Eligibility for the Homestead Exemption is as follows:

A homeowner is Ineligible if a homeowner is already enrolled in these alternative real estate tax relief/abatement programs: • Longtime Owner Occupants Program (LOOP), an income-based program for homeowners who experience a substantial increase in their property assessment. • 10-year residential tax abatement program, although one can only apply for Homestead Exemption after the abatement is over

Programs that can be used in conjunction with the homestead exemption include • Owner-Occupied Real Estate Tax Payment Agreement (OOPA) • Senior Citizen Real Estate Tax Freeze • Low-Income Real Estate Tax Freeze • Real Estate Tax Installment Plan • Tax Credits for Active-Duty Reserve and National Guard Members

Tangled Titles

An issue of concern that may result in a long-term resident not being able to claim for homestead exemption is tangled titles, which occur when a long-term resident effectively functions as a homeowner but lacks legal ownership of the property.
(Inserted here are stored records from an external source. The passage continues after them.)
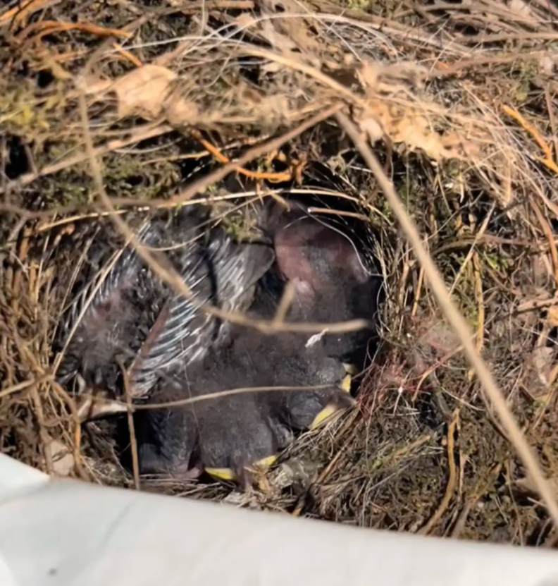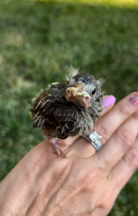 While checking on a bird’s nest in her yard, Starr noticed a baby cowbird trapped in the grates of a wagon. Instinctively, she rushed to help.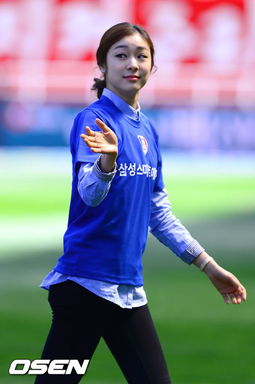14일 오후 수원월드컵경기장에서 열린 현대오일뱅크 K리그 클래식 2013 수원 삼성과 FC서울의 경기, 경기에 앞서 김연아가 시축 후 팬들에게 인사를 하고 있다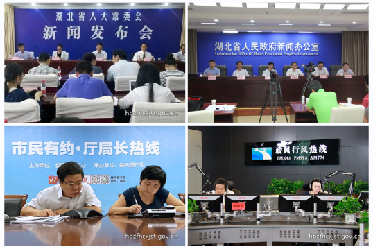 (四)加大政策解读回应力度。2015年5月28日,省人大常委会召开新闻发布会,我厅分管领导就《湖北省城镇供水条例》的立法背景、内容亮点、贯彻实施等问题回答了记者提问。7月16日,联合省信访局、省公安厅等部门召开通过法定途径分类处理信访投诉请求新闻通气会,公布了住建领域分类处理信访投诉请求渠道和方法。10月20日,举行《湖北省物业管理条例》立法听证会,邀请了人民网、荆楚网、湖北日报、湖北经视等7家媒体参加。12月22日,我厅分管领导在“湖北环保世纪行”第四次记者会上通报了全省建筑施工扬尘治理相关情况,并就相关工作成效、渣土运输监管、监督执法等问题回答了记者提问。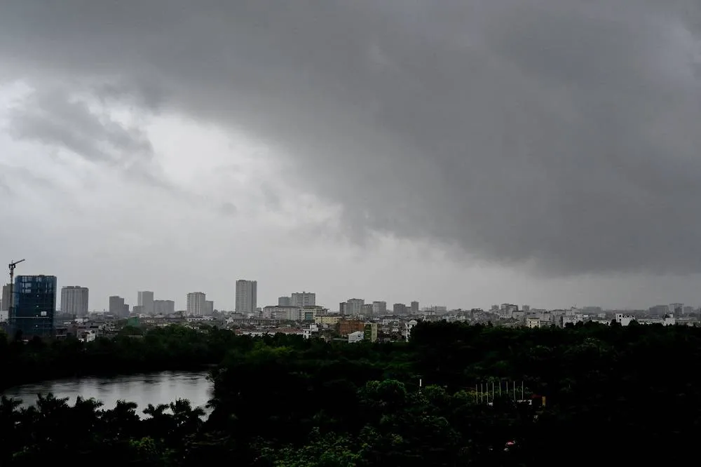 Storm clouds form above the buildings in Vinh city, Nghe An province on August 25, 2025, before Typhoon Kajiki makes landfall in Vietnam. (AFP)

This often happens when a family member who owned the property passes away, and the necessary legal processes to formalize the ownership transfer were never completed, leaving the resident ineligible for the exemption. However, Philadelphia has a conditional Homestead Exemption of three years for such cases while the legal transfer of ownership is resolved.

Significance of Outreach

Currently, no focused or strategic efforts are being carried out by to identify and reach homeowners who is not enrolled in the Homestead Exemption. Through an accurate identification of eligible homeowners, a cost-effective and efficient targeted outreach will be possible, enabling these homeowners to be made aware of and receive support in keeping their home.

Exploratory Data Analysis

Dependent Variable - Homestead Exemption

The primary dataset used is the Property and Assessment History publicly available for download on OpenDataPhilly. Six relevant datasets are merged with this primary dataset with common identifying keys such as the parcel number in order to include useful predictor variables in the model predicting for homeowners most likely eligible but not currently enrolled in the Homestead Exemption.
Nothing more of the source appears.